Оказывается, едва ли найдется в Союзе хотя бы один сколько-нибудь приметный городишко, в котором не оказалось бы жителя Выселок, некогда оставившего родные пределы. В Саратове их около двухсот – к ним следует прибавить потомство, родившееся уже в городе и знавшее о Выселках лишь по рассказам отца да матери; в Москве – более пятидесяти; в Киеве – шестнадцать; в Алма-Ате – десять; в Новосибирске – пять; в Воркуте – семь; на Камчатке – одиннадцать; на Сахалине – десять.

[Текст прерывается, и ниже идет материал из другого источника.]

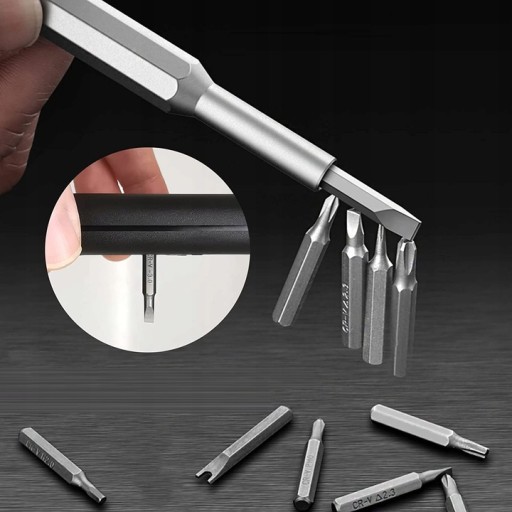 - ⭐ Dzięki bardzo małym rozmiarom zmieści się w każdej szufladzie, pudełku czy skrzynce na narzędzia. Nie musisz już mieć osobnego śrubokręta dla każdej końcówki.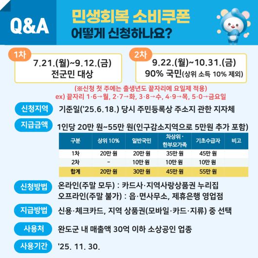 소비 쿠폰은 1차와 2차로 나눠 단계적으로 지급되며 인구 감소 지역인 완도군은 5만 원이 추가돼 1차로 ▲일반 군민 20만 원 ▲차상위 계층·한부모 가족 35만 원 ▲기초 생활 수급자 45만 원이 지급된다.
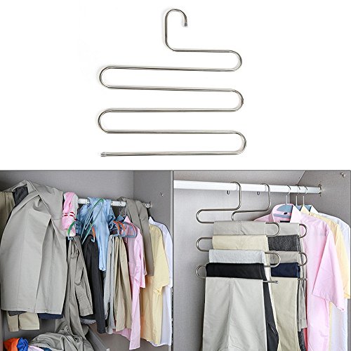 -. Title : Eleling 5 Layers Pants Clothes Rack S Shape Multi-Purpose Hangers For Trousers Tie Organizer Storage Hanger
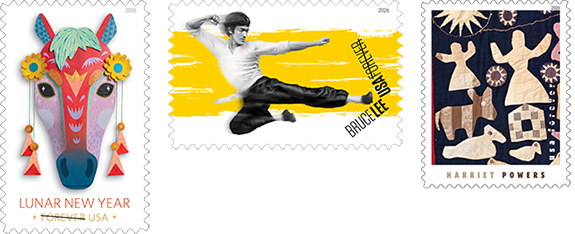 February stamp releases from the USPS for 2026! Lunar New Year Forever Stamp, 1 design; Bruce Lee Forever Stamp, 1 design; Harriet Powers Forever Stamps, 4 designs.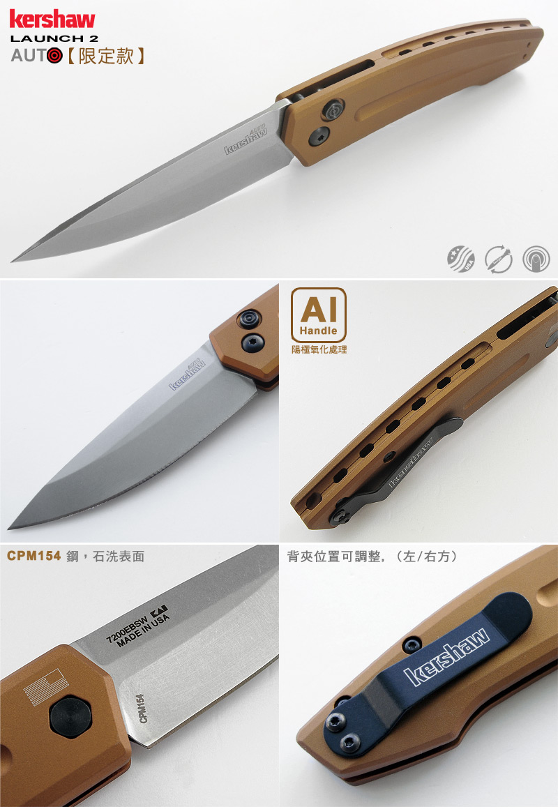 品名:Kershaw LAUNCH 2 限定款自動折刀/青銅色柄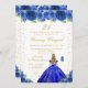 Este elegante e glamouroso convite de aniversário apresenta uma bela princesa com cabelo loiro e pele de leão em um vestido azul real de bola. O texto combina o script manuscrito e as fontes sans serif modernas para um aspecto elegante e sofisticado. Os arranjos florais, borboletas e confete de ouro criam a mistura perfeita de rústicos e quicos. Gráficos por www.etsy.com/uk/shop/SunflowerDayLove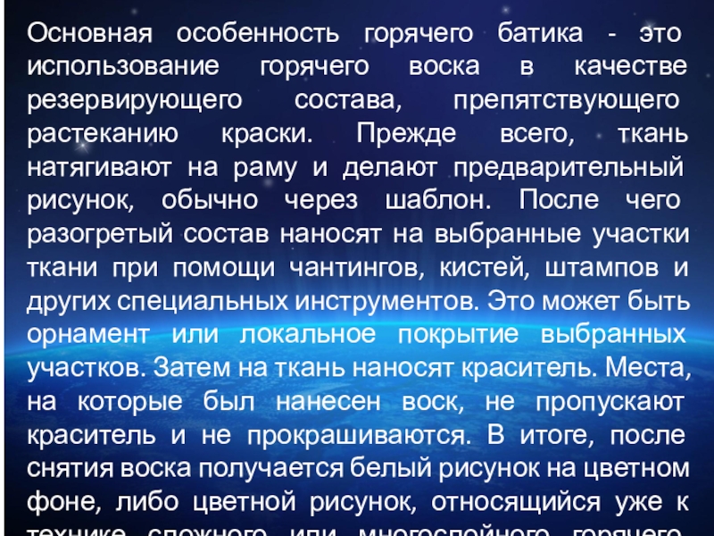 Слайд 10Основная особенность горячего батика - это использование горячего воска в качестве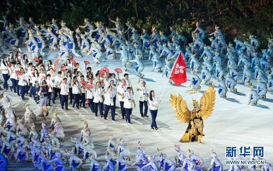↑8月18日,中国香港代表团在开幕式上入场。 当日,第18届亚运会开幕式在印度尼西亚雅加达举行。 新华社记者张金加摄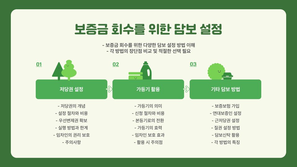 | 보증금 사용 용도 | 임대인과의 사전 합의가 필수적임. |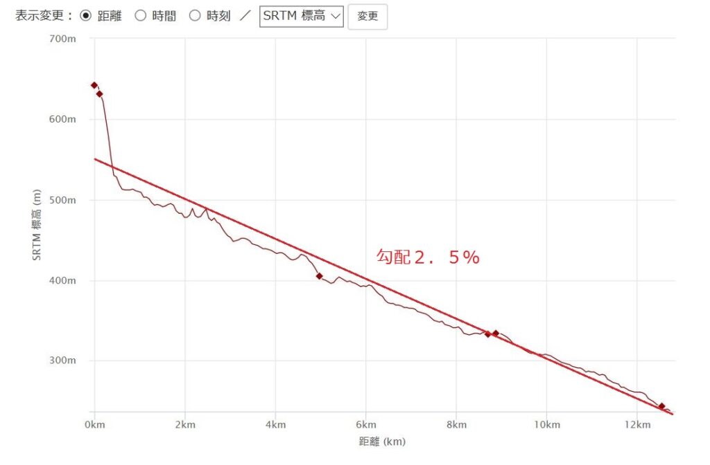 ▼実際に歩いた標高グラフに勾配2.5%のラインを入れてみると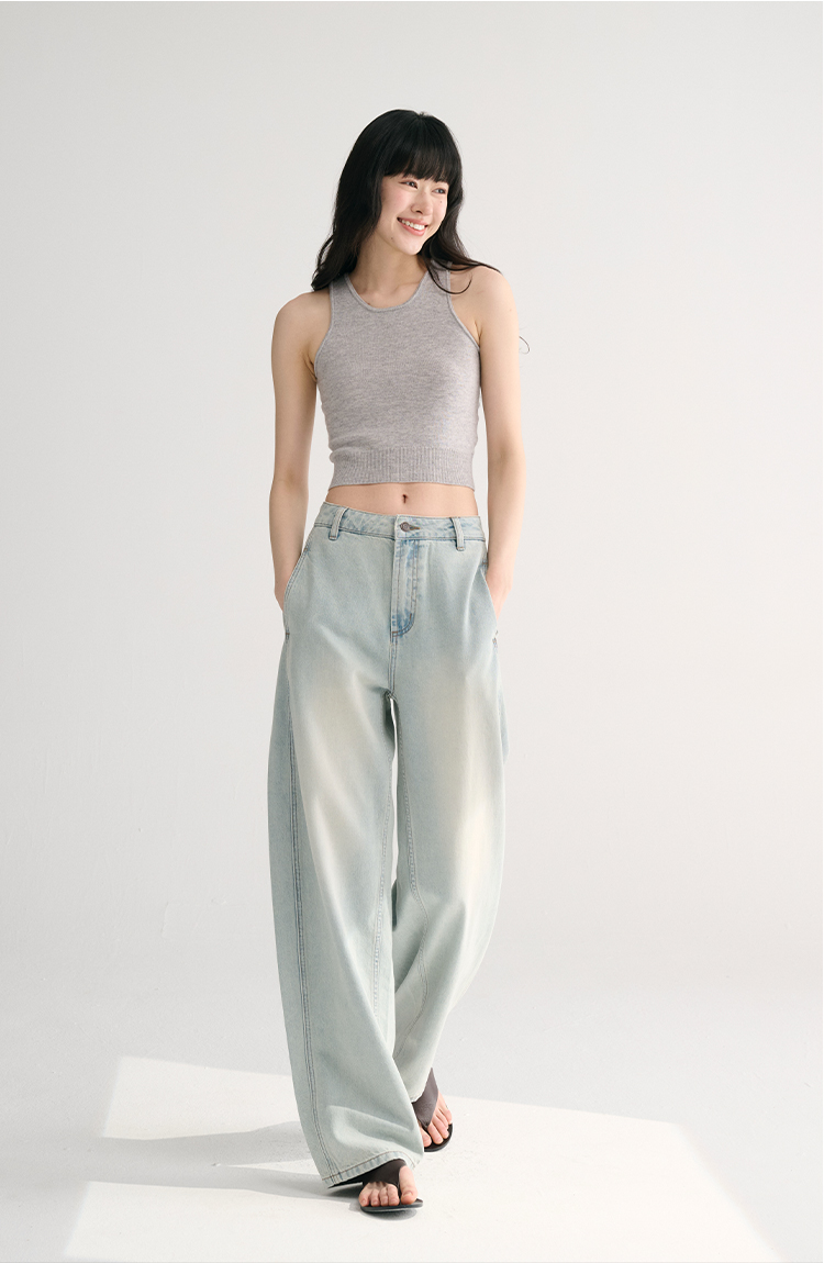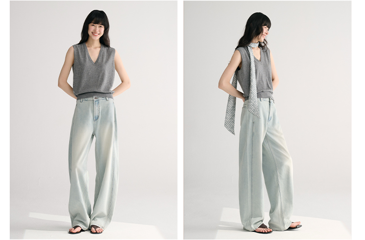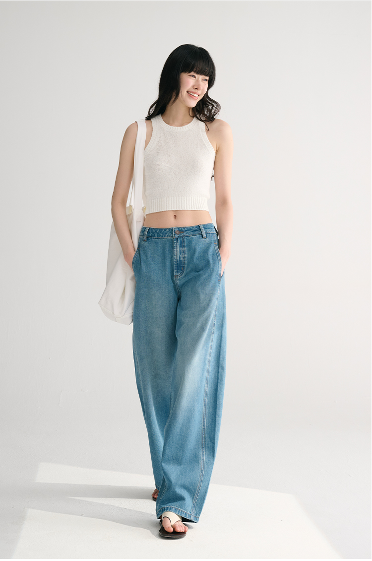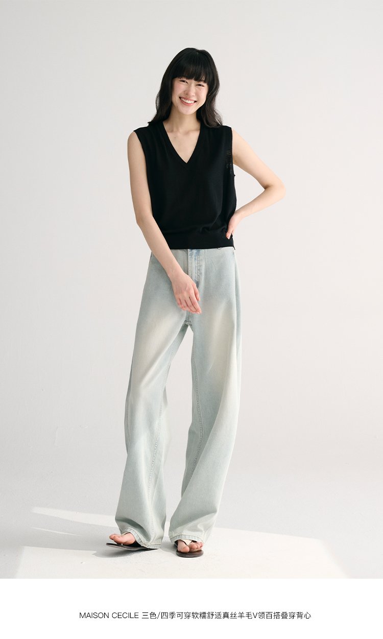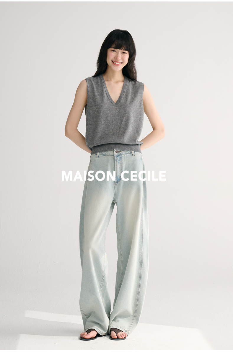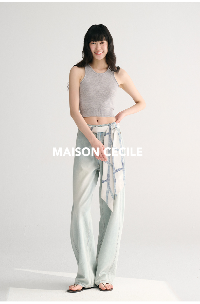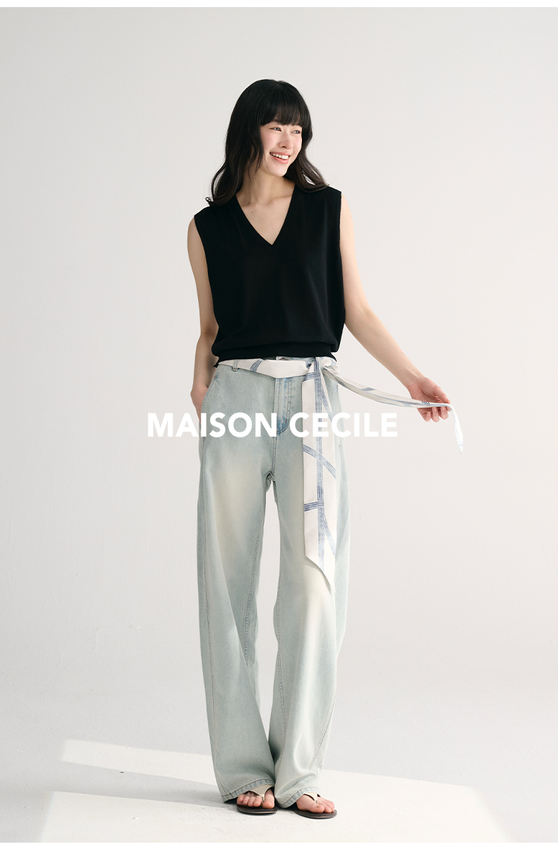 MAISON CECILE两色/夏日天丝版本轻薄垂感慵懒显瘦牛仔镰刀弧形裤

За Волгой есть поселок, наполовину состоящий из граждан села Выселки. По воскресным дням эти последние мобилизуют все, что есть в их сундуках нарядного, и, как новенькие пятиалтынные, являются целыми семьями в Выселки. Всем внешним своим обличием, а также поведением эти бывшие всячески стараются показать, что они не напрасно покинули в свое время село, что живут они теперь припеваючи, а вы ройтесь тут в назьме, живите вместе со скотом, – плевать нам на вас! Если находился среди них такой, который не по доброй воле покинул когда-то Выселки, то этот непременно к таким словам прибавит со всей возможной язвительностью: «Вы думали меня в могилу загнать?! Не вышло! Сами спережь меня в нее шагнете!»
Поселок, где обосновались эти бывшие, сами они нарекли Воруй-городом, имея для того весьма веские основания. Большая половина жителей Воруй-города нигде не работает, всяк живет как бог на душу положит. Кто почестнее да посовестливее, устроился в ближайших конторах, на предприятиях, на стройках. Кто порасчетливей, с коммерческой жилкой, приладился выращивать ранние овощи и сбывать их на городские рынки – эти живут в собственных добротных домах. Кто понахальнее, тот откровенно ворует: Волга и поныне предоставляет таким немалые возможности.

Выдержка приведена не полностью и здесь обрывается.